Multifunctional Optical Tomography System With High-Fidelity Surface Extraction Based on a Single Programmable Scanner and Unified Pinhole Modeling.

Abstract

Macroscopic optical tomography is a non-invasive method that can visualize the 3D distribution of intrinsic optical properties or exogenous fluorophores, making it highly attractive for small animal imaging. However, reconstructing the images requires prior knowledge of surface information. To address this, existing systems often use additional hardware components or integrate multimodal information, which is expensive and introduces new issues such as image registration. Our goal is to develop a multifunctional optical tomography system that can extract surface information using a concise hardware design. Our proposed system uses a single programmable scanner to implement both surface extraction and optical tomography functions. A unified pinhole model is used to describe both the illumination and detection procedures for capturing 3D point cloud.

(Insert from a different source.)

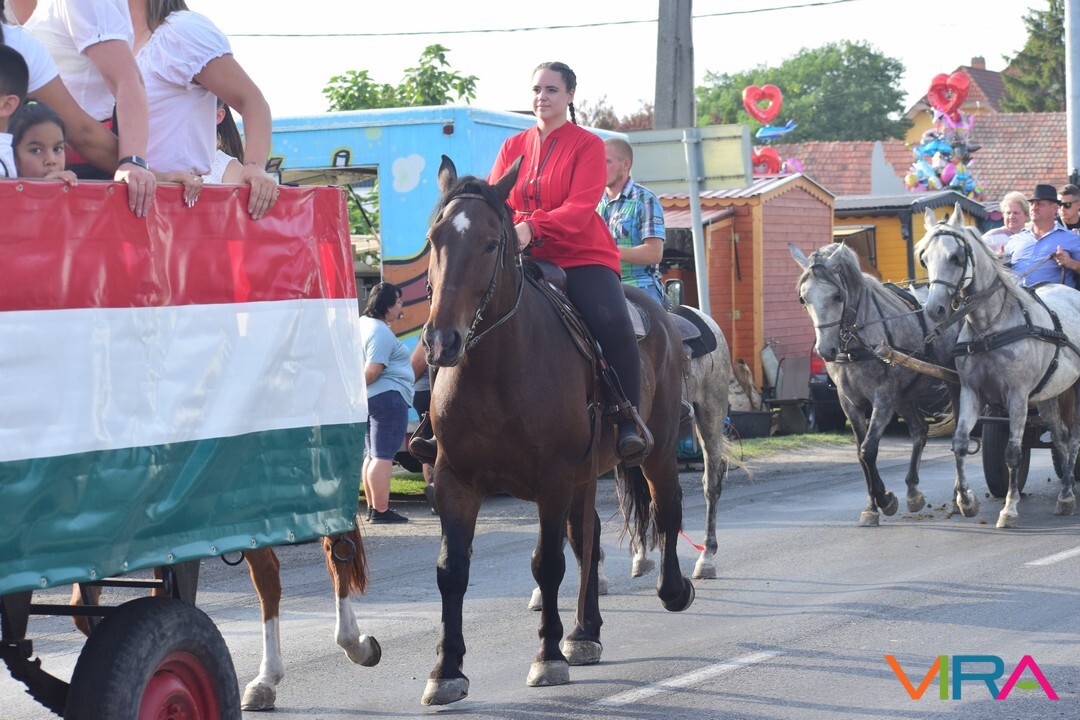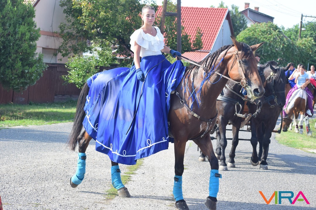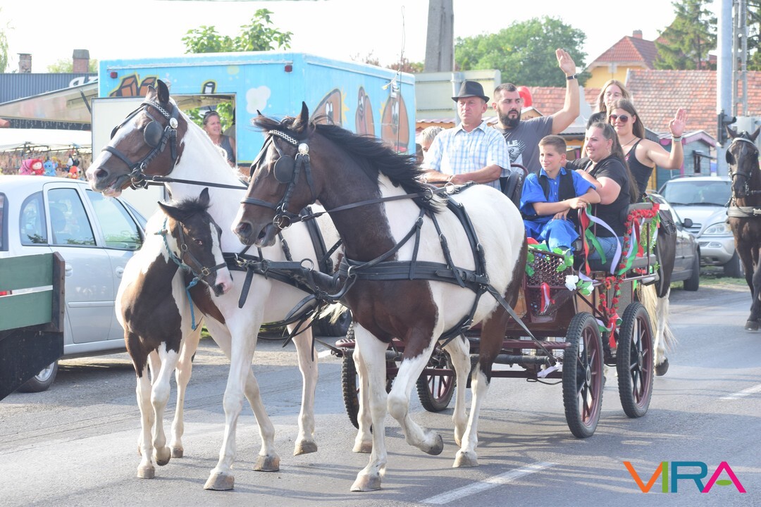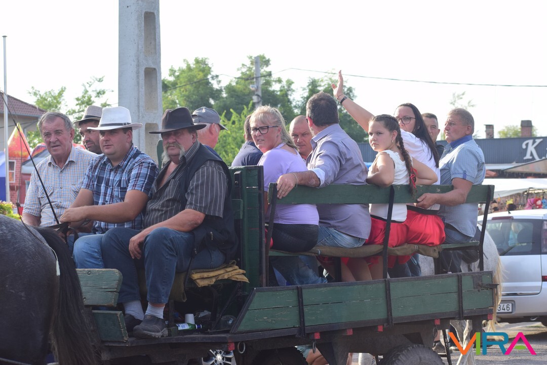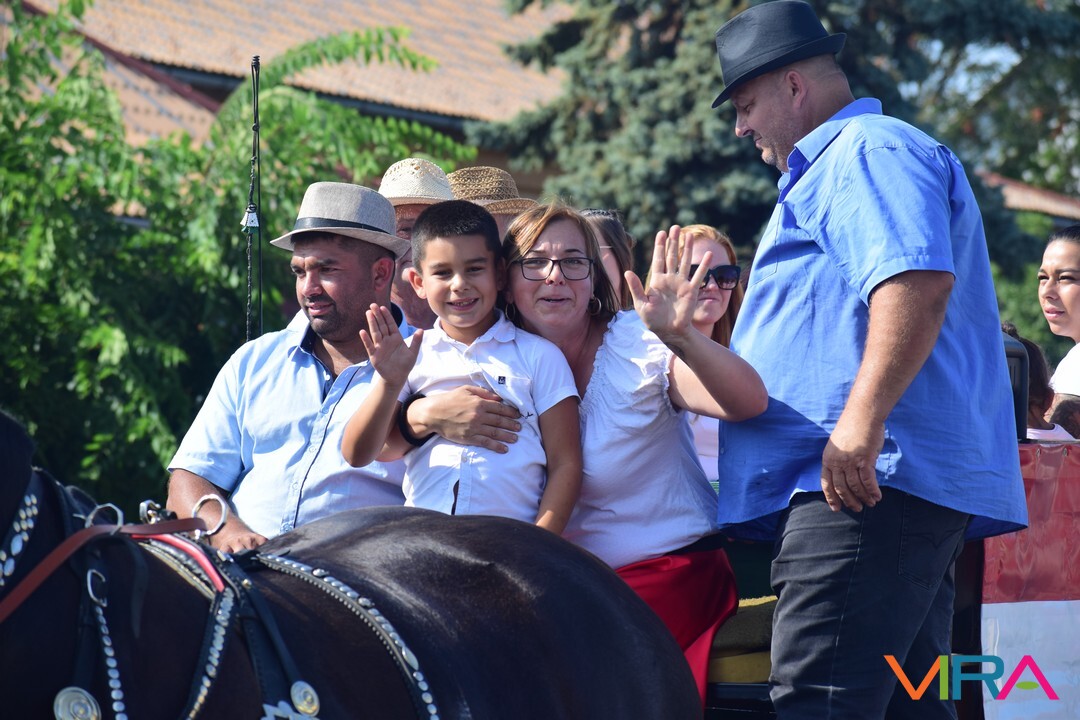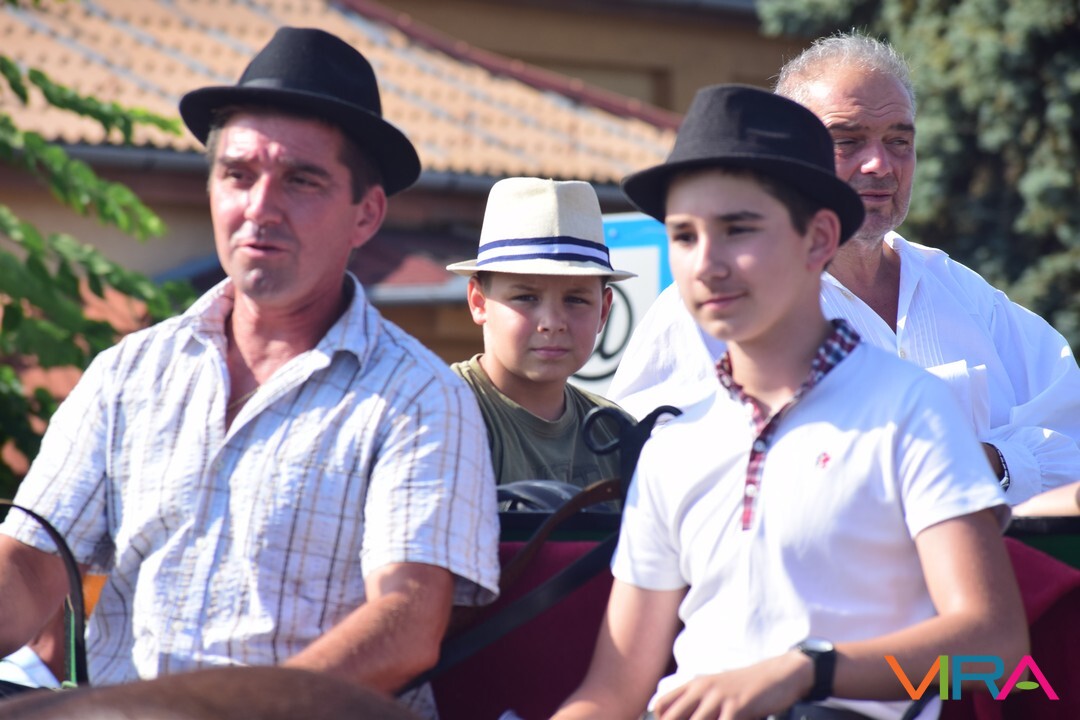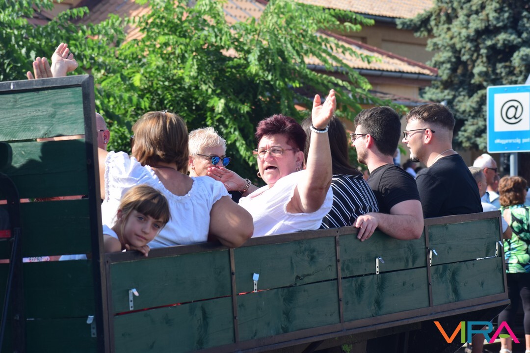 Ezt követően indult el Akasztó utcáin a közel ötven kocsit számláló szüreti menet, a csikósok, fogatosok, kocsisok és lóhátasok látványos felvonulásam melyre nem csak helyből, hanem a környező településekről is érkeztek. A gyülekező és a fogadás a Stadler Stadion mellett volt, ahol finom pörköltekkel és hideg italokkal várták a felvonulásra érkezőket. A szüreti felvonulást idén is az Akasztói Lovas Egyesület szervezte. A meneten a jó hangulathoz a talpalávalót Oroszi Sándor szolgáltatta.
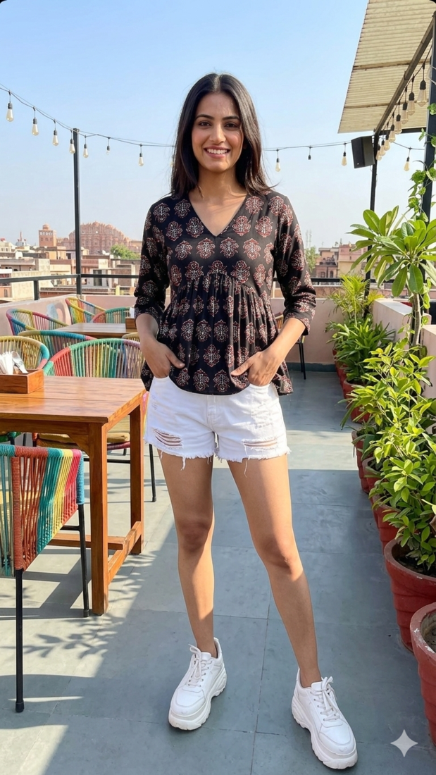 The "Jaipur Explorer" (Indo-Western):Swap the shorts for white flared palazzos or straight-fit cotton trousers.

Line-shaped scanning is adopted to improve both spatial resolution and speed of surface extraction. Finally, we integrate the extracted surface information into the optical tomographic reconstruction to more accurately map the fluorescence distribution. Comprehensive phantom experiments with different levels of complexity were designed to evaluate the performance of surface extraction and fluorescence tomography. We also imaged the axillary lymph nodes in living mice after injection of fluorophore, demonstrating the proposed system facilitates more reliable fluorescence tomography. We have successfully developed a versatile optical tomography system by leveraging concise hardware design and unified pinhole modeling. Phantom validation demonstrates that our system provides high-precision surface information with a maximum error of 0.1 mm, while the surface-guided FMT reconstruction is more reliable than the blind reconstruction using simplified surface geometry, elevating several quantitative metrics including RMSE, CNR, and Dice. Our work explores the feasibility of obtaining additional surface information using existing components of standalone optical tomography. This makes the optical tomographic technique more accurate and more accessible to biomedical researchers.